# what is this design



## 2buckcanuck (Jul 9, 2010)

what does everyone call this type of design
how do you think they did it
who wins the cookie


----------



## smisner50s (Jan 6, 2011)

Looks like they did a poor job rolling on some mud and than slid the roller around,,i will call it the...close enough finish..


----------



## SlimPickins (Aug 10, 2010)

I was thinking they used their forearm, and it's called "Jungle boogies"


----------



## moore (Dec 2, 2010)

2buckcanuck said:


> what does everyone call this type of design
> how do you think they did it
> who wins the cookie


broom.


----------



## Checkers (Jun 25, 2010)

Plastic Bag on something? I believe it's called something like "Fern Leaf."


----------



## Workaholic (Dec 13, 2010)

Checkers said:


> Plastic Bag on something?


That's what I thought it looked like too.


----------



## moore (Dec 2, 2010)

my OLD man took insulation / wraped in plastic on a 2x20 '' board on a stick. roll the ceiling with thin mud / 9 '' roller , roll 1 way then cross roll keep it even , then stomp, it's a pain , have to stomp each section twice. its a popcorn look, WITHOUT the popcorn. no1 wants pop any more , they hate it . this they can paint now or later. pop called it the bag pattern.


----------



## muddermankc (Apr 6, 2009)

its crinkled up wax paper over glue and then rolled,i like peanut butter cookies:thumbup:


----------



## moore (Dec 2, 2010)

2buckcanuck said:


> what does everyone call this type of design
> how do you think they did it
> who wins the cookie


broom!


----------



## SlimPickins (Aug 10, 2010)

alright 2buck....just tell us already.


----------



## 2buckcanuck (Jul 9, 2010)

SlimPickins said:


> alright 2buck....just tell us already.


checkers wins the cookie,except they call it cabbage leaf around here.Iv'e heard the term fern before.
plastic bag with insulation in it,and you snap your wrist back and forth.
It was my 1st attempt in my own house around 18 years ago,a practice run.
so no picking on me 
it's the only place I could get pics,never seen no one mention this design before so.....


----------



## The_Texture_Guy (Dec 31, 2010)

2buckcanuck said:


> checkers wins the cookie,except they call it cabbage leaf around here.Iv'e heard the term fern before.
> plastic bag with insulation in it,and you snap your wrist back and forth.
> It was my 1st attempt in my own house around 18 years ago,a practice run.
> so no picking on me
> it's the only place I could get pics,never seen no one mention this design before so.....

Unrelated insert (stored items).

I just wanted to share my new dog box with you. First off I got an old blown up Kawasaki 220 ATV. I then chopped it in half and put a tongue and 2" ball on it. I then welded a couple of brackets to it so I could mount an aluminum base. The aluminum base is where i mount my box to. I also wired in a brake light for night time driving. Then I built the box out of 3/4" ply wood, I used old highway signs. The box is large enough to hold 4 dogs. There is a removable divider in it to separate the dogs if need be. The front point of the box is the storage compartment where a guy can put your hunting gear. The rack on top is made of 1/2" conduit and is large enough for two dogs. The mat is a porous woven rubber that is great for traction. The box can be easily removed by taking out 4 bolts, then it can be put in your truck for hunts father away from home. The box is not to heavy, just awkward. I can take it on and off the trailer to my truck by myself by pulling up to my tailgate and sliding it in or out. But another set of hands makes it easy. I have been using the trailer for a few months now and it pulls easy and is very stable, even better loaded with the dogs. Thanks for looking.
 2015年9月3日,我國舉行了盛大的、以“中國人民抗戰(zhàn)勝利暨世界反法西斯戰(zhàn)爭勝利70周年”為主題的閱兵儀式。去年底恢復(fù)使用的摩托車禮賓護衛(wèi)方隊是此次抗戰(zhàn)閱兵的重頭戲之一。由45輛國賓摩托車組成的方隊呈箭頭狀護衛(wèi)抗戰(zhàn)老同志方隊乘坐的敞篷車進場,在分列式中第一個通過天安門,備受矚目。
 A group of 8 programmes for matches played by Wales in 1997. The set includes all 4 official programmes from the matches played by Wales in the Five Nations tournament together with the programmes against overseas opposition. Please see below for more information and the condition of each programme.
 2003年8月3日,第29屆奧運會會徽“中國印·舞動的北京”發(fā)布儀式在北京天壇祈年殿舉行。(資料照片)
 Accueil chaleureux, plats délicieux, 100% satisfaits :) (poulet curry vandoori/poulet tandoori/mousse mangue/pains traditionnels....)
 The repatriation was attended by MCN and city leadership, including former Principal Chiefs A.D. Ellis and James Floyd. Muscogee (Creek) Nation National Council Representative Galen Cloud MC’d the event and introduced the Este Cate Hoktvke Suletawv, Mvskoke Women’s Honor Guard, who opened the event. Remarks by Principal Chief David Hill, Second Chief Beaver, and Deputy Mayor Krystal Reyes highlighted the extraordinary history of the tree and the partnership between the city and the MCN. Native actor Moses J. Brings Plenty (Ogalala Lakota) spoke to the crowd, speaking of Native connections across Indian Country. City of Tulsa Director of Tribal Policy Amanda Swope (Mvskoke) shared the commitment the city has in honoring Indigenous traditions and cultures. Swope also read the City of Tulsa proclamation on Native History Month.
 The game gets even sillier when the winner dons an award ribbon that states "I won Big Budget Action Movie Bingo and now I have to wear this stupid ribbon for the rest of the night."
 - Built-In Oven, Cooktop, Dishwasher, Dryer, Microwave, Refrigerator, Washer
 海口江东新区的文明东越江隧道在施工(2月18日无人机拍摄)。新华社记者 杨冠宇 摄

I wonder why.........:blink:


----------



## rhardman (Jul 7, 2009)

My thing was matching textures and I never saw that one before. It would have been a challenge..._without your explanation._

Thanks! :thumbup:


----------



## Tim0282 (Jan 8, 2008)

Say, 2Buck, how big was the bag? And how full of insulation? Every once in a while people want something "different". This might be the ticket.


----------



## 2buckcanuck (Jul 9, 2010)

just any garbage bag (avoid the seam) and cut a bat of R 12 insulation in half,stick it in the bag,make it into a ball with a knot where your hand goes.you can change the insulation to what ever size you want though,experiment,basically ,if you take the garbage out for your wife,and you know how to tie the knot......no twist ties
the trick is to start in a corner,do 2 strokes out towards the room,then turn and always work into your work,finish design in a corner,boarders are needed too
my old partner was a old plaster guy ,his looked good,he would do 2 quick wrist snaps then did dip bag in the bucket and do it again.
what I did wrong in these picks
would not keep wrist snapping,would kind of get dragging instead
think my mud was too stiff
low ceiling and was on stilts,so did not have a good visual on it,when I got down and looked at it it was oh sh1t and too late,so keep a arms length away
I think the older generation like the capt,who are way older than me,could do a better job of it,there was no knock down back then so.....:whistling2:
post a pic if you do it one day tim,so we can see what it should look like ,lol


----------



## Tim0282 (Jan 8, 2008)

Thanks for the explanation. I sure wan't thinking I could do better! I thought yours looked great. My Dad was a palster man. Saw him do an oak leaf design in a theatre. Amazing. He was good. I didn't get much of that talent. I have to work real hard at it. He just had a flair. Artistic. Thanks for sharing. I may have to give this a shot. Don't really like the stomp textures that I see and kinda get tired of knockdown and orange peel. Something different for a change.


----------



## 2buckcanuck (Jul 9, 2010)

Tim0282 said:


> Thanks for the explanation. I sure wan't thinking I could do better! I thought yours looked great. My Dad was a palster man. Saw him do an oak leaf design in a theatre. Amazing. He was good. I didn't get much of that talent. I have to work real hard at it. He just had a flair. Artistic. Thanks for sharing. I may have to give this a shot. Don't really like the stomp textures that I see and kinda get tired of knockdown and orange peel. Something different for a change.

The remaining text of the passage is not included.